Un éclat de tonnerre a transpercé mon ciel
Une chape de plomb s’est abattue sur moi,
Je suis dans la tourmente, mon cœur est en plein fiel,
Je sombre à tout jamais, mon cœur est plein d’effroi.
Qu’est-il donc arrivé que je n’ai vu venir ?
J’étais pourtant parti par un ciel serein.
Seuls, de mauvais augures, voulant m’anéantir,
Ont pu subitement contrarier mon destin.
Pourrais-tu m’expliquer l’alchimie amoureuse,
Qui dépasse désormais mon simple entendement,
Ces élans invincibles, ces forces mystérieuses,
Qui unissent les êtres irrésistiblement ?
Pourquoi n’ai-je pas pu t’insuffler dans le cœur
Une infime partie de ma folle passion,
Pourquoi n’ai-je pas su suffire à ton bonheur
T’ensorceler toujours, être ton pygmalion?

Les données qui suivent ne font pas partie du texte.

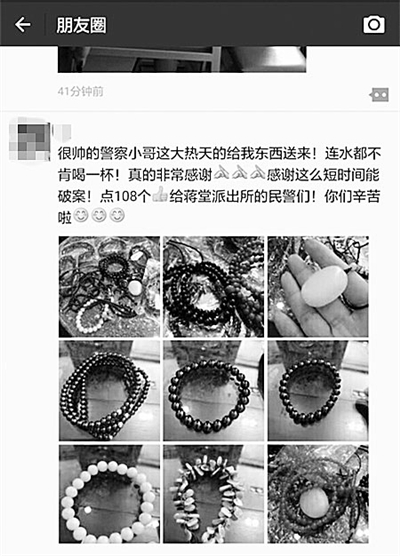 见到浑身被汗浸透的民警专程给自己送回失物,李女士惊呆了,一时语塞。事后,李女士便发了这样一条朋友圈来表达对民警的感谢:“很帅的警察小哥,这大热天的给我东西送来!连水都不肯喝一杯!真的非常感谢!感谢这么短时间能破案!点108个赞给蒋堂派出所的民警们!你们辛苦啦!”

À quel homme comptes-tu accorder tes faveurs?
Quel amant chimérique faut-il être pour t’aimer?
Le temps me fait défaut, mon âge est ma douleur,
Je ne suis plus certain de pouvoir t’espérer.
Et que te dire de plus que n’aie-je déjà écrit
Qu’aucun de tes amants n’aurait osé te dire,
Qu’aucun homme avant moi, par ses pleurs, par ses cris,
N’aurait de sa pudeur voulu se dévêtir ?
Je me suis dépouillé, devant toi, misérable,
J’ai arraché ma peau, découvert mes entrailles,
J’ai tout abandonné, à tes pieds, vulnérable,
Cela n’a pas suffi à vaincre tes murailles.
Si c’est grande folie de t’aimer de la sorte,
Et qu’aimer doive toujours rimer qu’avec raison
Alors que l’on m’enferme avec mes amours mortes,
À ces chaînes dorées, je préfère ma prison.